The Rhodes University's Unit for Humanities (Uhuru) in partnership with the Steve Biko Foundation are currently hosting a conference on : The Black Radical Tradition from Toussaint to Biko and Beyond 1791: Haiti; 1958: Ghana; 1968: USA; 1968: Grahamstown; 1987 Burkina Faso.

Venue: Humanities Seminar Room which is at 1 Prince Alfred Street until Tuesday 4, July 2017.

The colloquium is hosted by the Unit for the Humanities at Rhodes University (UHURU) and the Steve Biko Foundation (SBF at the Humanities Seminar Room which is at 1 Prince Alfred Street until Tuesday 4, July 2017.

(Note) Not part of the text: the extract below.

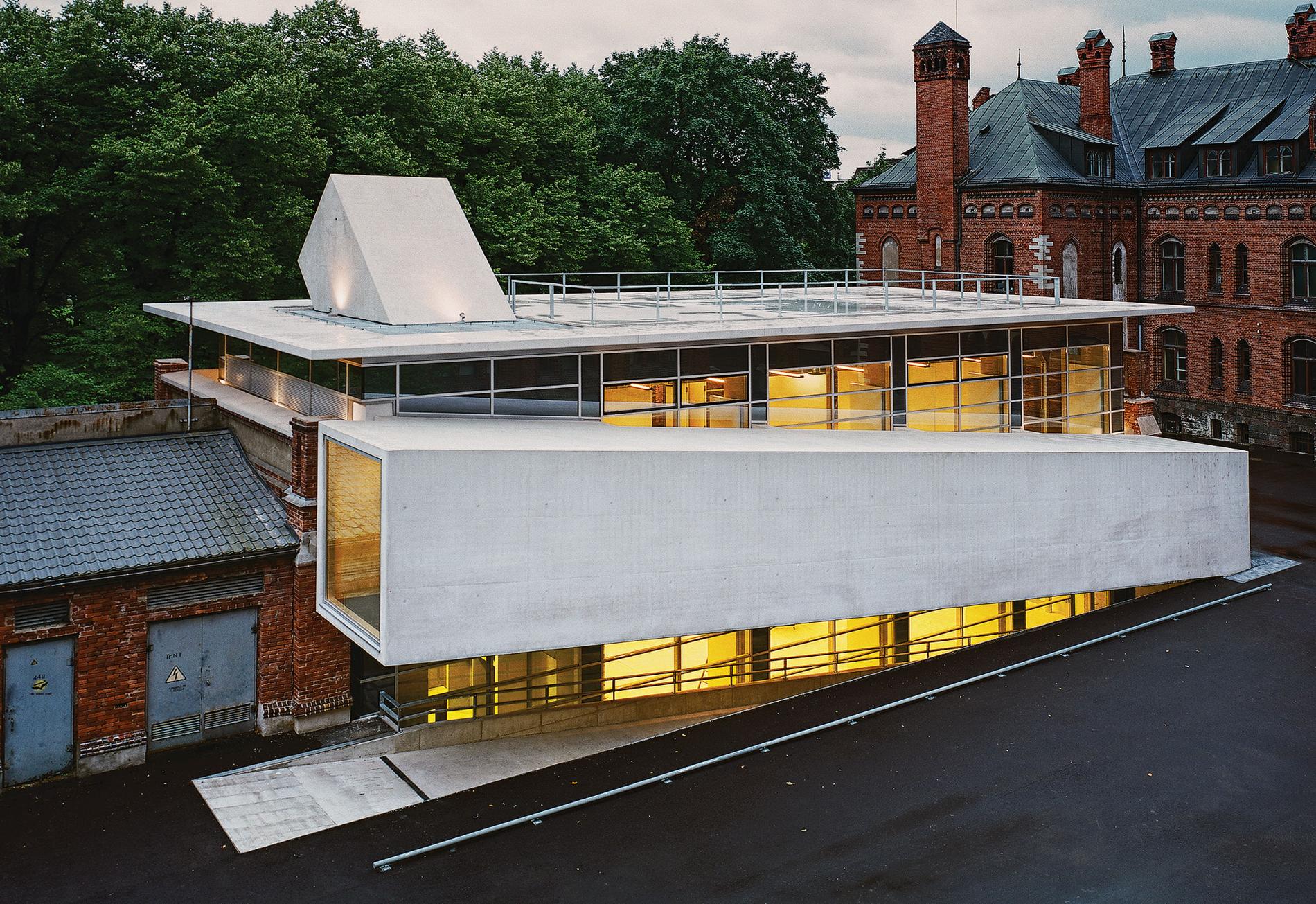Jaunais apjoms, ko veido ekonomiskas tipveida stikla konstrukcijas, iesēdināts vecā mūra čaulā, kas saglabāta pret parku. Papildu platības iegūtas, attīstot projektu vertikālā dimensijā. Respektējot skatu uz vēsturisko akadēmijas ēku no parka puses, ēkas korpuss trīs metrus iedziļināts zemē (apakšējā līmeņa palielināto griestu augstumu ietekmējušas tehniskās vajadzības, ko nosaka audiovizuālo mediju mākslas nodaļa, kura to šobrīd apdzīvo), izveidojot divus stāvus un lietojamu terasi. Vizuālās izmaiņas parka ainā, ko rīdzinieki varējuši vērot vairāk nekā sešdesmit gadus, no tiesas nav lielas. Jaunais, stiklotais apjoms novietots ar atrāvumu no vēsturiskā mūra - iegūtā telpa tiek izmantota rezerves izejai, vecajai sienai ļaujot uzņemties žalūzijas funkciju. Tā kā mūris ir bēdīgā tehniskajā stāvoklī (tam ir teju neesoši pamati), uzlabojumi ar jaunizveidotajām logailām vienmērīgai dienas gaismas piekļuvei mūra saglabāšanu ļauj uzskatīt par tīri ideoloģisku žestu. Rekonstrukcijas nosacījumi un budžeta spīles atgādina antīko varoņu kuģojumus starp Skillu un Haribdu, un, iespējams, projekta mākslinieciskās izteiksmes spēks dīdzis tieši līdzīgu manevru rezultātā. Pēc autoru aplēsēm, lifta, kam ar trim pieturām būtu jāapkalpo divi stāvi, un kāpņutelpu izveidošana bija racionāli nepamatota. Lai izpildītu vides pieejamības prasības, ieejas ēkā veido pandusi - neraugoties uz konstruktīvo sarežģītību, to izmaksas esot bijušas mazākas. Iznākumā monumentālais veidņotā betona panduss tagad kļuvis par kompozīcijas centrālo asi, arhitektoniskās domas vizuālo atslēgu (pēc ieceres - ar minimāliem kompozicionālajiem izteiksmes līdzekļiem materializēta arhitektoniska ideja, panduss kā tektoniska intriga, kas runā par masas un gravitācijas attiecībām), lai arī autors nosauc vēl vairākus projektā kodētus simboliskus elementus: jaunais apjoms pret veco kā paaudžu - studentu un pasniedzēju - dialogs, horizontālā jumta pārkare kontrastā ar vēsturiskās ēkas gotiskajām vertikālēm kā hierarhijas un kontekstuāla respekta apliecinājums, tajā skaitā pandusa gala logs, kas vērsts pret Nacionālo mākslas muzeju.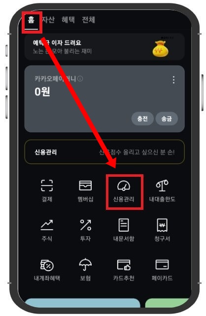 4. 홈 화면에서 신용관리 메뉴를 클릭합니다.

The colloquium was opened by Steve Biko’s oldest son, Nkosinathi Biko and was followed by powerful contemporary papers by Mikaela Erskog Reflections on the Black Student Movement, Ayanda Kota (UPM) From Azapo to the Unemployed People’s Movement and Motlatsi Khosa (UNISA) Abahlali baseMjondolo & Living Ubuntu.

Today’s afternoon session commences at 2pm with Tendayi Sithole presenting, Steve Biko in Johnny Dyani’s Exiled Imagination: a meditation with responses by author Bongani Madondo and Fezi Mthonti. Ntombizikhona Valela talks about the Militant Mother Madikizela: The Intellectual Genealogy of Winnie Mandela.

Award winning author, Michael Neocosmos and Director of the Unit for the Humanities at Rhodes University (Uhuru) was last week awarded the Frantz Fanon Award for Outstanding Book in Caribbean Thought for his 2016 book, Thinking Freedom in Africa: towards a theory of emancipatory politics in New York. He will be one of the key presenters at the Colloquium.